As of December, 2018, the Chicago-based company, formerly known as Opternative, was marketing its online vision test in 39 states. However, the company’s recently redesigned website no longer advertises the test, and instead features discounts from eyeglass and contact vendors.

The American Optometric Association has long opposed Visibly’s online vision test, and has taken legal action against the company to prevent the company from offering the test to consumers. In a statement issued yesterday, AOA president Barbara L. Horn, OD praised the FDA’s recall. "Optometrists and other physicians know that eye exams are essential care and that new health technologies must always enhance the doctor-patient relationship and help deliver improved outcomes," said Horn.

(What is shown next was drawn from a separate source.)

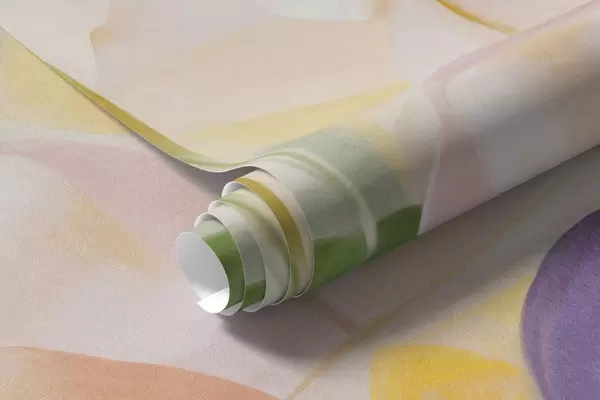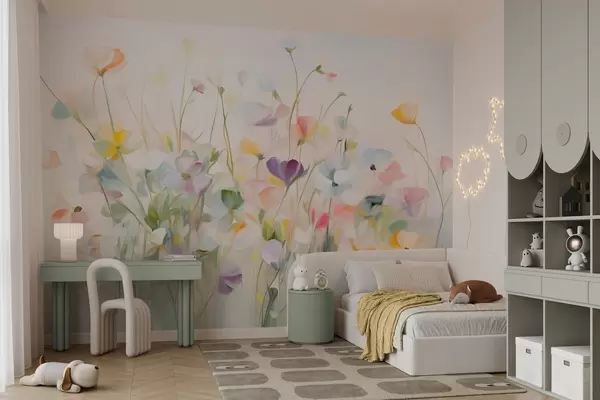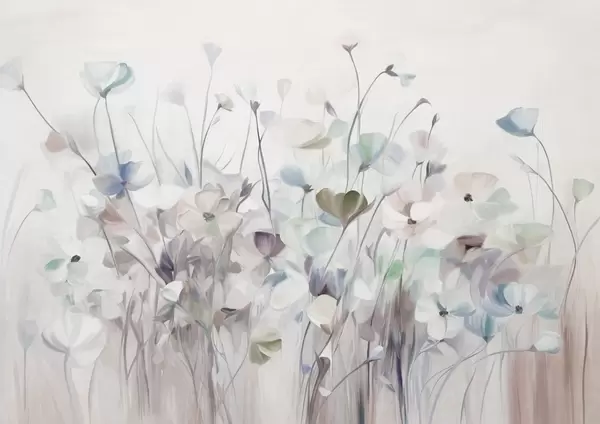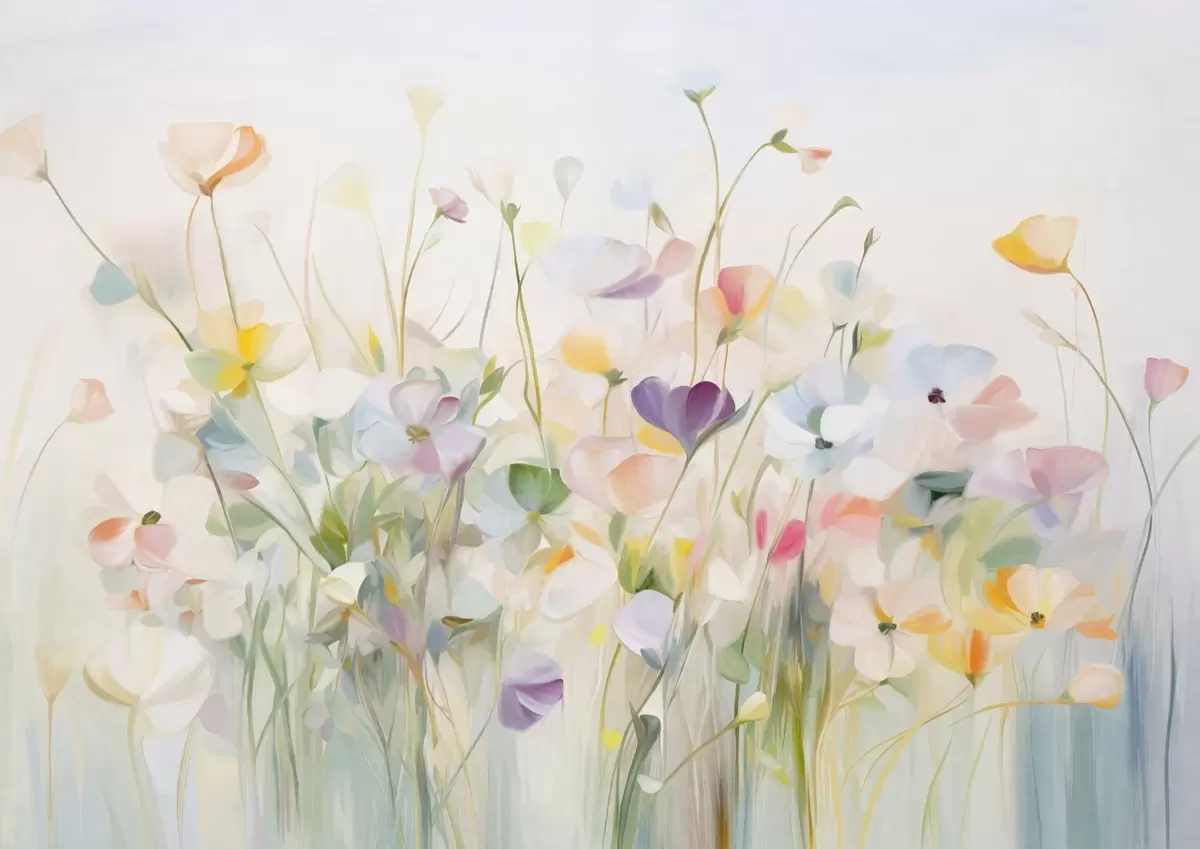 Fototapetai Abstraktus spalvingų gėlių su ilgais stiebais ir žaliais lapais laukas, tekstūruotas, pastelinės, šviesios spalvos Nr. w09466

"They must also comply with the law—that's exactly what the AOA and our state associations have insisted on through the information we provided to the FDA and other agencies in this matter, and we're proud that it appears to have made a difference."

Visibly has a number of business partners, and it is not yet clear what effect the recall will have on them or on other companies marketing similar tests.

Visibly’s troubles with the FDA began in 2016, when the company, then known as Opternative, received a warning letter from the agency. It received a second warning in October, 2017 as reported by VMAIL.

Visibily CEO Brent Rasmussen told VMAIL in December, 2018 that the company has submitted documentation that the agency has requested and was working toward the agency’s approval for its online eye test.